DATA EXTRACT
▽

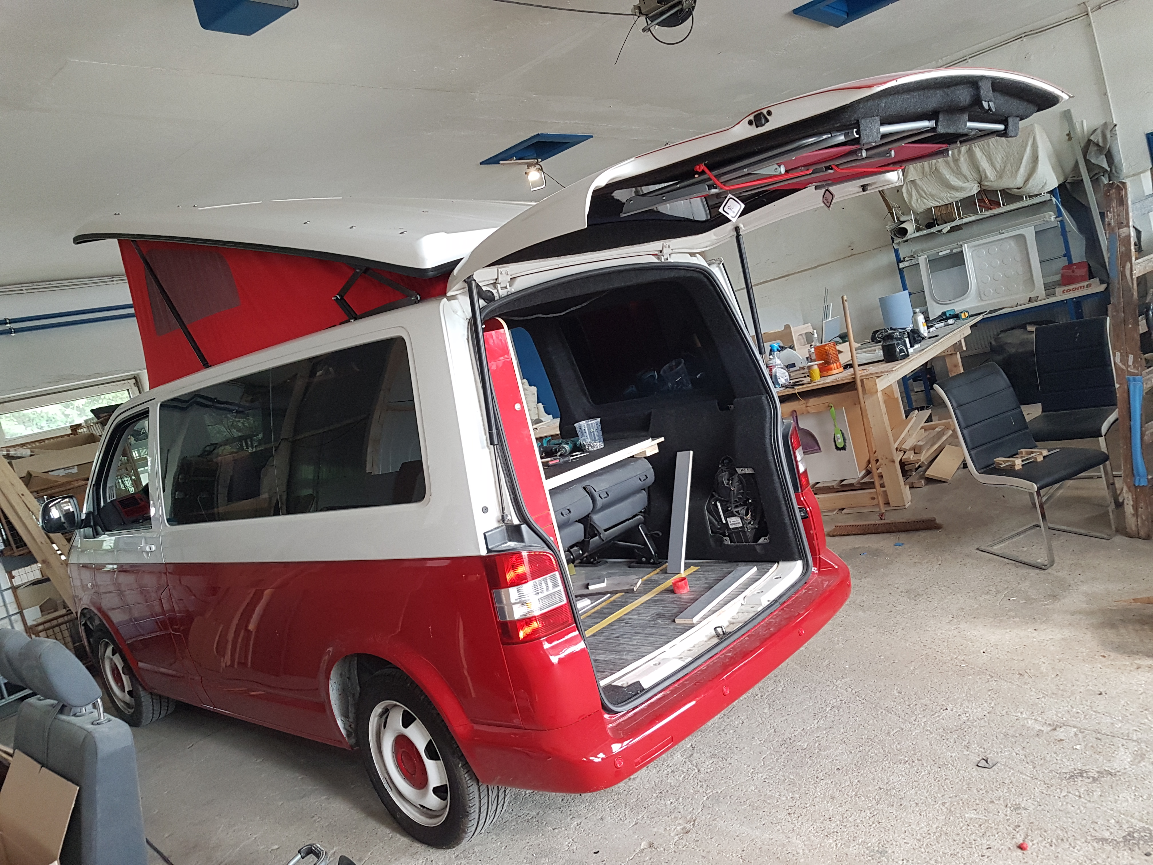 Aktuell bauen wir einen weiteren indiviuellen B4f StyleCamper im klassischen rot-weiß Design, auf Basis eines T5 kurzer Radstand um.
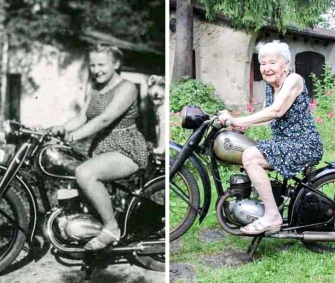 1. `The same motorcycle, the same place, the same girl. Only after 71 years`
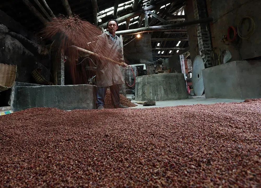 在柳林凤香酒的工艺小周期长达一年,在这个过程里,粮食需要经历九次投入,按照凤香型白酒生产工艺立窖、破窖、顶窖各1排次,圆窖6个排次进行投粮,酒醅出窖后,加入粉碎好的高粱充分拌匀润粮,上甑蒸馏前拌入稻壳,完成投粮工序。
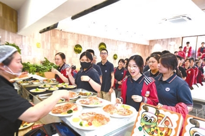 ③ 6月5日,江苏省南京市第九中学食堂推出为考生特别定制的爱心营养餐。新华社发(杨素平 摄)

△

PROBLEM
Reproduce the listing word for word. Do not carry over the pictures.

OUTPUT OF THE TASK
 Aktuell bauen wir einen weiteren indiviuellen B4f StyleCamper im klassischen rot-weiß Design, auf Basis eines T5 kurzer Radstand um.
 1. `The same motorcycle, the same place, the same girl. Only after 71 years`
 在柳林凤香酒的工艺小周期长达一年,在这个过程里,粮食需要经历九次投入,按照凤香型白酒生产工艺立窖、破窖、顶窖各1排次,圆窖6个排次进行投粮,酒醅出窖后,加入粉碎好的高粱充分拌匀润粮,上甑蒸馏前拌入稻壳,完成投粮工序。
 ③ 6月5日,江苏省南京市第九中学食堂推出为考生特别定制的爱心营养餐。新华社发(杨素平 摄)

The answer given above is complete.